As Clinical Lead for the Alcohol Care Team at the Royal Free London Foundation Trust, which now includes Barnet and Chase Farm Hospitals we see a lot of patients with alcohol misuse or alcohol related liver disease. We provide a caring non-judgemental environment for the care of our patients. People drink for many reasons such as anxiety, social, or because of past trauma. Some have established habits that are triggered by certain situations. Clearly to overcome addictive behaviour these issues have to be dealt with, and to this end we have also established a transpersonal integrative psychotherapeutic counselling service for our patients who would benefit from such treatments. I have good links with a number of psychotherapists who could offer counselling to overcome such barriers to recovery.
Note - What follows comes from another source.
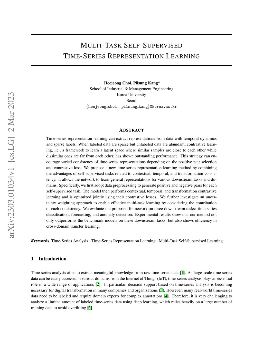 Time-series representation learning can extract representations from data with temporal dynamics and sparse labels. When labeled data are sparse but unlabeled data are abundant, contrastive learning, i.e., a framework to learn a latent space where similar samples are close to each other while dissimilar ones are far from each other, has shown outstanding performance. This strategy can encourage varied consistency of time-series representations depending on the positive pair selection and contrastive loss. We propose a new time-series representation learning method by combining the advantages of self-supervised tasks related to contextual, temporal, and transformation consistency. It allows the network to learn general representations for various downstream tasks and domains. Specifically, we first adopt data preprocessing to generate positive and negative pairs for each self-supervised task. The model then performs contextual, temporal, and transformation contrastive learning and is optimized jointly using their contrastive losses. We further investigate an uncertainty weighting approach to enable effective multi-task learning by considering the contribution of each consistency. We evaluate the proposed framework on three downstream tasks: time-series classification, forecasting, and anomaly detection. Experimental results show that our method not only outperforms the benchmark models on these downstream tasks, but also shows efficiency in cross-domain transfer learning.
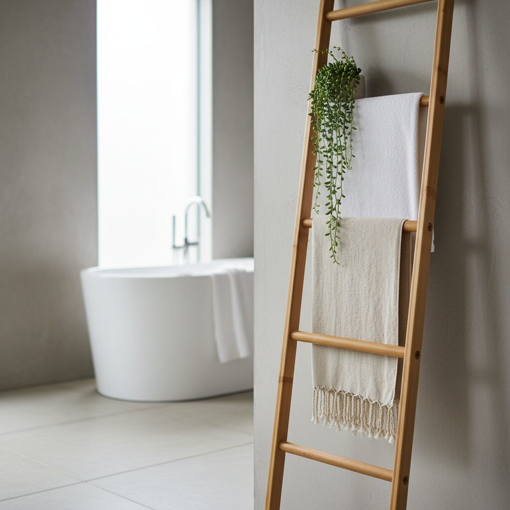 A leaning ladder is a chic and versatile decor element that’s perfect for bathrooms. It provides a casual, stylish spot to hang towels, store magazines, or even drape a small hanging plant. Choose a bamboo ladder for a spa vibe, a rustic wood one for a farmhouse feel, or a sleek metal one for a modern industrial look. It fills vertical space without any drilling required.

DVLA, driving and Screening for chronic alcohol misuse
The classic tests that doctors have used historically for screening for alcohol misuse namely the Gamma GT and MCV measurement are useless, being normal in 50% of subjects with alcohol used disorders. The DVLA have adopted measurement of carbohydrate deficient transferrin (CDT) in drivers who have lost their licence in the UK. CDT gives a time integrated index of alcohol consumption over the previous ten days or so, and has a specificity and sensitivity of 90% and 60%. In Germany they use measurement of urinary ethyl glucuronide/ethyl sulphate, which has a very high sensitivity (90%) and specificity (95%) and can detect alcohol consumption in the previous 72 hours. There are other tests such as fatty acid ethyl esters, hair ethyl glucuronide which I can discuss with you. If you have lost your licence and need to prove continued abstinence from alcohol there are a number of approaches that I employ, including remote monitoring by breathalyser as well as CDT and urinary ethyl glucuronide testing.
Drug-Induced Liver Injury or drug hepatotoxicity
Drug-induced liver injury is one of the commonest causes for a drug to be withdrawn from the market. In general most drug reactions involving the liver are idiosyncratic and take between 3-8 weeks to develop. Paracetamol is an exception, since it is directly hepatotoxic in overdose, with liver injury being maximal at 3-4 days post ingestion. Paracetamol hepatoxicity may be enhanced by alcohol or anti-epileptic drugs or St John’s Wort. Paracetamol is the commonest cause of acute liver failure in the UK, accounting for >200 cases per year.
Other dugs commonly associated with severe hepatotoxicity include the anti-tuberculous drugs isoniazid and pyrazinamide, as well as co-amoxiclav, NSAIDs, Chinese herbal medicines, and various anti-depressants.